Nouvel hôpital en Outaouais: pas pour 2023, admet Lacombe

Justine Mercier
Justine Mercier
Le Droit
Le nouvel hôpital promis à l’Outaouais par la Coalition avenir Québec (CAQ) sera-t-il prêt avec un, deux, trois ans de retard? Impossible pour le ministre responsable de la région, Mathieu Lacombe, de s’avancer sur un échéancier précis. Chose certaine, il ne recevra pas ses premiers patients en 2023, comme l’avait initialement affirmé le gouvernement.

Le ministre Lacombe a indiqué en entrevue avoir été «surpris» de lire, la semaine dernière dans Le Droit, que le Centre intégré de santé et de services sociaux de l’Outaouais «mettait un délai» sur la réalisation de la promesse phare de la CAQ pour la région, «alors que les discussions ne sont pas terminées et que l’annonce du projet qui a été retenu n’est pas faite».

Retard

La présidente-directrice générale adjointe du CISSSO, France Dumont, avait confié au Droit que l’organisation travaille sur un plan de «transition», en considérant que la nouvelle infrastructure ne serait prête que dans dix ou 15 ans.

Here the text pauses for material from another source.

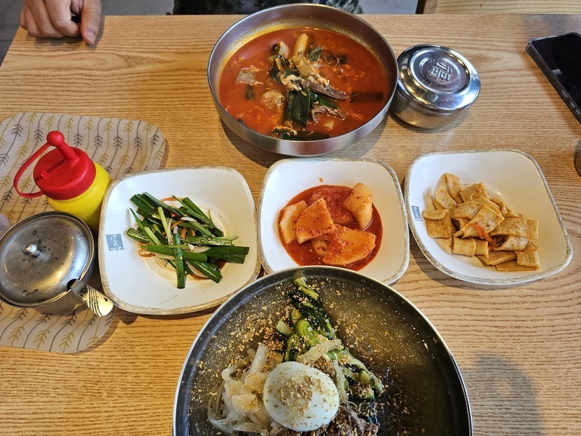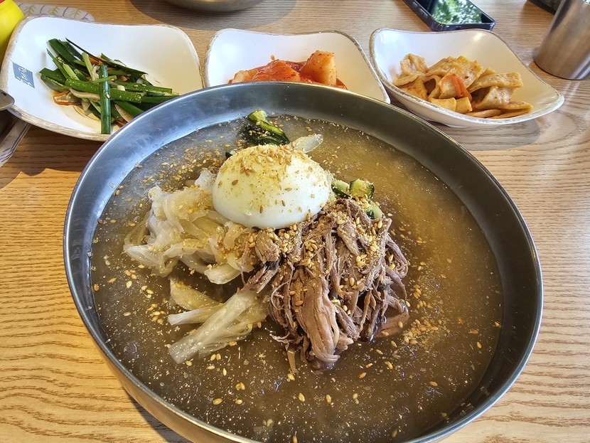 어제 점심 시원한 냉면과 뜨끈한 육개장

« Continuer de répéter que l’hôpital va être construit en 2023, je pense que ce serait une insulte à l’intelligence de tout le monde. »
Mathieu Lacombe

Le ministre responsable de l’Outaouais reconnaît toutefois que l’hôpital – qui devrait compter 170 lits – ne pourra pas être prêt pour 2023, tel qu’évoqué en campagne électorale, en 2018, lorsque la CAQ avait promis qu’il serait prêt à soigner des patients cinq ans plus tard.

«Je ne veux pas prendre les gens pour des imbéciles, a lancé M. Lacombe au Droit. Continuer de répéter que l’hôpital va être construit en 2023, je pense que ce serait une insulte à l’intelligence de tout le monde. On a promis un nouvel hôpital, ça on est ferme [là-dessus] et on ne reculera pas. […] Est-ce qu’on est à une, deux ou trois années près de se priver d’un nouvel hôpital? Je pense que les gens pourront juger du délai qu’on leur présentera lorsqu’on fera l’annonce.»

Le retard dans la concrétisation de cet engagement majeur pour la région découle entre autres de la demande faite par le gouvernement au CISSSO pour «réévaluer tous les besoins en matière de santé dans la région», affirme Mathieu Lacombe.

La COVID-19 est aussi venue jouer les trouble-fête dans le calendrier de Québec. «Je ne veux pas me cacher derrière la COVID, dans le sens où à la fin du projet, […] quand on va couper le ruban dans quelques années, on ne pourra pas dire que la COVID a eu un impact important sur le nombre d’années que ça aura pris pour construire l’hôpital, précise le ministre. Là où ça cause un délai qui est important, c’est dans l’annonce, dans la finalisation des détails pour être en mesure de l’annoncer. Là, ça a joué un rôle, parce que ça fait six mois que la priorité du réseau de la santé, c’est de gérer une pandémie mondiale.»

Scénarios

Tout en parlant strictement d’un «nouvel hôpital» dans ses entrevues, M. Lacombe a toujours précisé que le scénario retenu pourrait aussi être l’agrandissement d’un centre hospitalier existant. Parmi les scénarios soumis par le CISSSO dans son plan clinique, «le gouvernement va retenir […] celui qui va être le meilleur pour la région», assure Mathieu Lacombe, en insistant pour dire que le projet «sera à la hauteur des attentes des gens de la région».

«Il y a un travail énorme de préparation derrière ça, ajoute-t-il. On ne construira pas un bungalow, on parle de la construction d’un hôpital qui va coûter des centaines de millions de dollars, donc le travail s’est fait de façon rigoureuse et là on est en train de finaliser les détails pour pouvoir l’annoncer dans quelques semaines.»

Chambres TARP

En ce qui concerne le dossier des chambres 32 TARP (travail-accouchement-récupération-postpartum) ayant fait l’objet d’annonces en 2014 et en 2018, le ministre Lacombe refuse de dire s’il verra finalement le jour dans la nouvelle infrastructure au lieu de l’Hôpital de Gatineau. «Je vais vraiment être plate dans ma réponse, mais quand on est arrivés, on a demandé un plan clinique au CISSSO, il y a une réflexion sur l’ensemble des soins qui sont donnés dans la région qui a été faite et lorsqu’on présentera le projet de nouvel hôpital, ce sera l’occasion de répondre à ce genre de questions», a-t-il mentionné.